Thursday, July 2, 2015

Soft Magnetic Nanocrystalline Alloys

Soft Magnetic Nanocrystalline Alloys

The discovery of nanocrystalline Fe-based soft magnetic materials is less than ten years old. The first class of such materials was the melt-spun Fe-Si-B alloys containing small amounts of Nb and Cu (Yoshizawa et al. 1988). The Fe-Si-B-Nb-Cu amorphous phase transforms to a body-centered cubic (bcc) Fe-Si solid solution with grain sizes of about 10 nm during annealing at temperatures above the crystallization temperature. The presence of small amounts of Cu helps increase the nucleation rate of the bcc phase while Nb retards the grain growth. These "Finemet" alloys provide low core losses (even lower than amorphous soft magnetic alloys such as Co-Fe-Si-B), exhibit saturation induction of about 1.2 T, and exhibit very good properties at high frequencies, comparable to the best Co-based amorphous alloys. These were first developed in Japan and have stimulated a large amount of research and development worldwide to optimize the magnetic properties. There has been relatively little work in the United States in this area, however.

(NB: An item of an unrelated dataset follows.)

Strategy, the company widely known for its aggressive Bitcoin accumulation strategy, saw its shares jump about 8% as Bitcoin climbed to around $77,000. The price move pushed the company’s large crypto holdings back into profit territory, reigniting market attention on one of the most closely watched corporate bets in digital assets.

While many of the soft magnetic properties of Finemet-type nanocrystalline alloys are superior, they exhibit lower saturation inductions than Fe-metalloid amorphous alloys, mainly because of the lower Fe content to attain amorphization and because of the addition of Nb and Cu (or other elements to control the nucleation and growth kinetics). In order to remedy this problem, another class of Fe-based nanocrystalline alloys was developed by Inoue and coworkers at Tohoku University (Makino et al. 1997), which is commercialized by Alps Electric Co., Ltd., of Nagaoka, Japan (see also the Tohoku University site report, Appendix D). These "Nanoperm" alloys are based on the Fe-Zr-B system; they contain larger concentrations of Fe (83-89 at.%) compared to the Finemet alloys (~ 74 at.% Fe) and have higher values of saturation induction (~ 1.6-1.7 T). The Nanoperm nc alloys have very low energy losses at power frequencies (60 Hz), making them potentially interesting for electrical power distribution transformers. The issues of composition modification, processing, and the brittle mechanical behavior of these nanocrystalline/amorphous alloys are discussed by V.R. Ramanan in the first volume of this WTEC study, the proceedings of the May 8-9, 1997 panel workshop on the status of nanostructure science and technology in the United States (Ramanan 1998, 113-116). Fig. 3.1 compares the soft magnetic properties of Finemet, Nanoperm, and other materials.

Figure 3.1: Effective permeability, ยตe, vs. saturation magnetic flux density, Bs, for soft ferromagnetic materials (after A. Inoue 1997).
While there has been extensive research on these alloys, particularly in Japan and Europe, most of the development has been carried out in Japan. The Finemet family of alloys is marketed by Hitachi Special Metals. Vacuumschmelze GmbH (Germany) and Impky (France) also market similar alloys. The Nanoperm alloys are being commercialized by Alps Electric Co. (Japan). No extensive research nor any commercialization of these materials has been carried out in the United States.
The small single-domain nanocrystalline Fe particles in the amorphous matrix gives these alloys their unique magnetic behavior, the most dramatic being the lowest energy losses (narrowest B/H hysteresis loop) of any known materials, along with very high permeabilities. These alloys can also exhibit nearly or exactly zero magnetostriction. To date, these materials have been made by crystallization of rapidly solidified amorphous ribbons. Other methods that might provide geometrically desirable products should be explored or developed. Electrodeposition is one such method that requires further work. Electrodeposited nc Fe-Ni soft magnetic alloys are being developed in Canada.


The brittle nature of these materials is a problem for scaleup and transformer manufacture. The brittleness problem must be solved by finding less brittle materials or applying the handling and processing knowledge that exists for embrittled (after annealing) metallic glasses.